Most people have their blood pressure measured once a year during their checkup, but the doctor’s office might not be the best place to get an accurate diagnosis of hypertension. Many patients get nervous or even agitated when visiting the doctor, which can lead to “white coat hypertension” — a temporarily elevated reading at the doctor’s office.
Now a new system recommended by the National Institute for Health and Clinical Excellence (NICE) in the U.K. would help eliminate such misdiagnoses by requiring follow-up testing at home.
Nearly a quarter of patients who are diagnosed with high blood pressure are actually suffering from white coat hypertension, according to the BBC’s report. For most people, blood pressure should be around 120/80 mmHg; a reading of 140/80 mmHg or higher is considered hypertension (anything in between is pre-hypertension.)
Hypertension is a strong risk factor for heart attack and stroke, so it’s important to diagnose it accurately in order to help those with high blood pressure find ways to lower their readings and hopefully avoid heart disease and stroke. Under the NICE system, already used by an estimated 10% of U.K. doctors surveyed, patients who have blood pressure of 140/90 mmHg or higher in a clinical setting take home a mobile blood pressure monitor and take another reading on their own. The device consists of a padded measuring tool that is wrapped around the patient’s arm and a monitor clipped to the waist, which then measures blood pressure in half-hour intervals for 24 hours, giving a fuller and more accurate reading of whether or not hypertension is a problem.

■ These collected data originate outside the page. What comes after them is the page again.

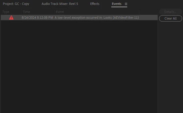 A low-level exception occurred Premiere
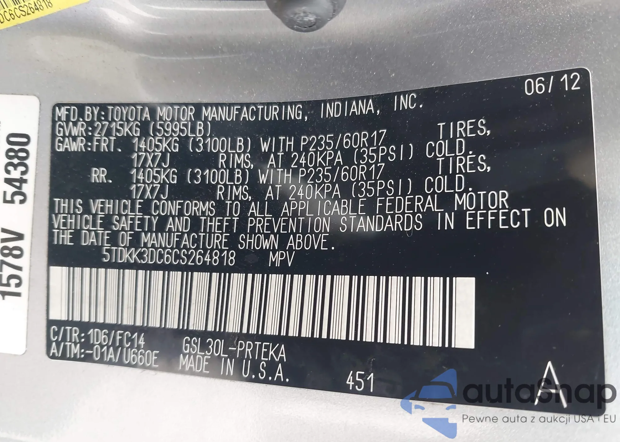 LOT: 44410924 VIN: 5TDKK3DC6CS264818
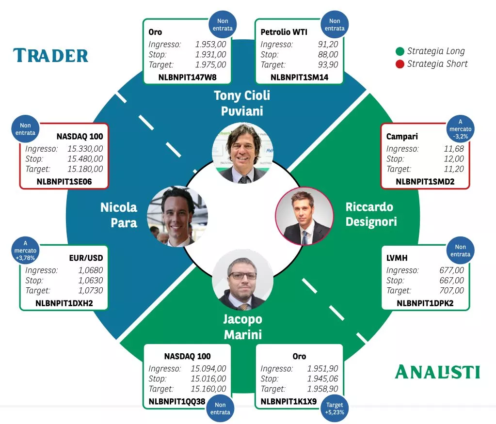 Borsa in Diretta è la newsletter giornaliera di BNP Paribas. Ogni lunedì non perderti l'appuntamento di Weekly FTSE MIB, pillola video in cui si analizza il principale indice di Borsa Italiana e si forniscono strategie operative per la settimana entrante. Inoltre, quotidianamente riceverai informazioni riguardanti notizie finanziarie e appuntamenti macroeconomici della giornata, analisi tecnica dei principali indici azionari FTSE MIB, DAX e S&P500 e aggiornamenti delle Trade Idea fatte dai migliori trader italiani durante House of Trading.
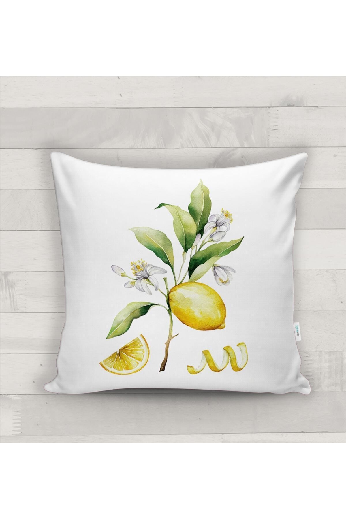 Evmila Lemon Patterned Throw Pillow Cover features
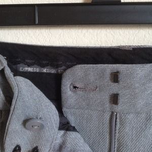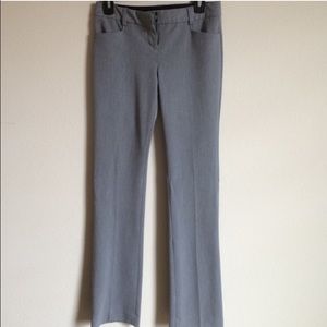 Light gray work pants/slim flit. I'm 5'3 and these fit perfect with a heel.
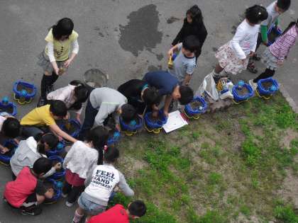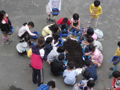 理科の時間にホウセンカの種をまきました。一人一人の植木鉢に新しい土を入れ、自分の種を大事そうに植えました。ちゃんと育つかな?
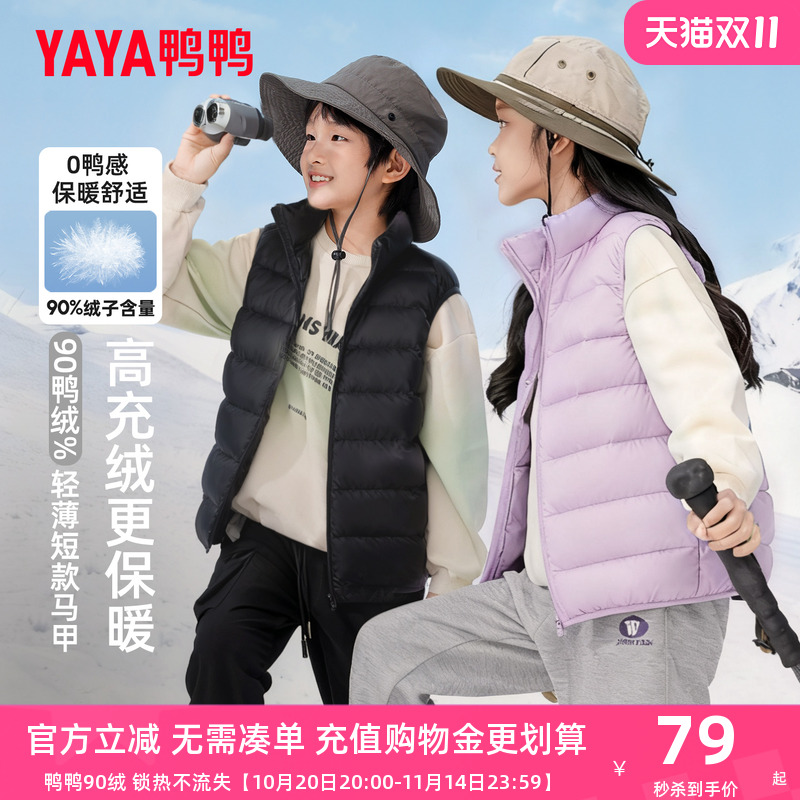 雅鹿儿童羽绒马甲外穿秋冬背心男童女童宝宝轻薄羽绒服内胆青少年

“This research shows that ambulatory blood pressure monitoring at the time of diagnosis of high blood pressure would allow better targeting of treatment and is cost-saving,” one author of the paper, Professor Richard McManus of the University of Birmingham, told the BBC. “Ambulatory monitoring is already available in some general practices and we have shown that its widespread use would be better for both patients and the clinicians looking after them.”
The testing was conducted with British patients only and is recommended by a British organization. As NPR reports, for now, the U.S. recommendation is for the tried-and-true doctor’s office diagnosis:
The U.S. Preventive Services Task Force recommends that adults get their blood pressure checked every two years with a blood pressure cuff. People with a systolic pressure of 120 to 139 mmHg or diastolic blood pressure of 80 to 89 mmHg, should get checked every year.
The United States doesn’t have one organization setting health standards, like the British. Gaziano says that the various boards will no doubt be considering expanding use of ambulatory monitoring, given the British decision.
The at-home system has the added benefit of saving on health care costs: the BBC reported that experts project a yearly savings of 10.5 million pounds or about $17 million.